Jest taki obowiązek od co najmniej kilku lat. Ustalają to chyba samorządy lokalne.
To zadziała ale za dziesiątki lat - póki co jednak ogromna większość budynków jest stara i nie mają parkingów lub ich ilość jest dostosowana do czasów kiedy je budowali i zakłada np. 1 samochód osobowy na 3-4 rodziny.

Teoretycznie da się budować parkingi pod starymi budynkami, ale to są ogromne koszta - na dzień dzisiejszy nie opłacalne, ale kto wie co będzie opłacalne jak ilość samochodów wzrośnie jeszcze o kolejne 2x.

Inna sprawa że podobno nie ma możliwości zapewnienia drożności dla samochodów w typowych centrach dużych miast.

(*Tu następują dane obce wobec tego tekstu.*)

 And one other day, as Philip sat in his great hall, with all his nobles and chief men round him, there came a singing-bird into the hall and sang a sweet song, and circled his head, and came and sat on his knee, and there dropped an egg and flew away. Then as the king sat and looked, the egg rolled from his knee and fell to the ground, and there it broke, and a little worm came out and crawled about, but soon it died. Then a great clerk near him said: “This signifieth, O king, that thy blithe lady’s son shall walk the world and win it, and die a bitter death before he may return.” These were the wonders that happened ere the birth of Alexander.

Ilość chętnych samochodów przekracza nawet możliwości dojazdowe dróg i więcej parkingów niewiele tu pomoże. Rozwiązaniem jest rozpraszanie tego centrum, albo niestety parkingi poza centrum i komunikacja miejsca w środku.

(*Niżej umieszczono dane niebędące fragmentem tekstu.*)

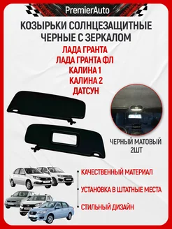 Козырьки солнцезащитные черные с зеркалом Гранта, Калина

Nie pamiętam już które miasto (chyba Los Angeles, albo San Francisco) miało plan rozwiązania problemów komunikacyjnych właśnie na zasadzie że jeżeli nie ma gdzie parkować to budują parkingi, jak są korki to budują kolejne drogi itd. itp. Okazało się że 3/4 powierzchni centrum zajmuje infrastruktura transportowa, a korki są jeszcze gorsze niż były.
Więc to też się nie sprawdza.

7 Data: Styczen 20 2008 14:56:52
Temat: Re: Płacenie za parkowanie w mieście...
Autor: Grzegorz Brzeczyszczykiewicz 

Tomasz Motyliński wrote:

 Witam,

 W poście
 Grzegorz Brzeczyszczykiewicz  m.in. napisał(a)::

Jakby były bezpłatne, to musiałbyś miejsca parkingowe zapewnić w
pierwszej kolejności dla pracowników wszystkich sklepów, banków itp. w
okolicy, a dopiero później dla tych, którzy przyjeżdżają coś załatwić do
centrum za 2h.

Jeśli są zbyt pełne, to ceny trzeba podnieść :-)

Wydaje mi się, że nie tędy droga, że to się nie sprawdza. Wystarczyłoby
nałożyć obowiązek, iż przy budowaniu obiektów w centrum miast nalezy
budować je tak aby zapenić miejsca parkingowe dla pracowników i klientów
(np. pod ziemią). Nie rozwiązałoby to problemu od razu, ale w ciągu kilku
lat znacząco poprawiłoby sytuację.

Grunty w centrum miasta są z założenia drogie. Poza tym w centrach powinny
być skumulowane usługi, a nie parkingi.

Mnie osobiście obecne rozwiązanie prawie odpowiada. Prawie, bo parkingi są
najwyraźniej zbyt tanie, skoro nie mogę znaleźć miejsca parkingowego.
Najczęściej wybieram takie rozwiązanie, że jak mam coś do załatwienia
w centrum, to jadę rowerem. Szybko, tanio i wszędzie dojadę.


--
Grzegorz Brzeczyszczykiewicz

8 Data: Styczen 20 2008 16:23:20
Temat: Re: Płacenie za parkowanie w mieœcie...
Autor: J.F. 

On Sun, 20 Jan 2008 14:56:52 +0100,  Grzegorz Brzeczyszczykiewicz

Grunty w centrum miasta są z założenia drogie. Poza tym w centrach powinny
być skumulowane usługi, a nie parkingi.

Zeby klienci z uslug skorzystali, to musza do nich dojechac.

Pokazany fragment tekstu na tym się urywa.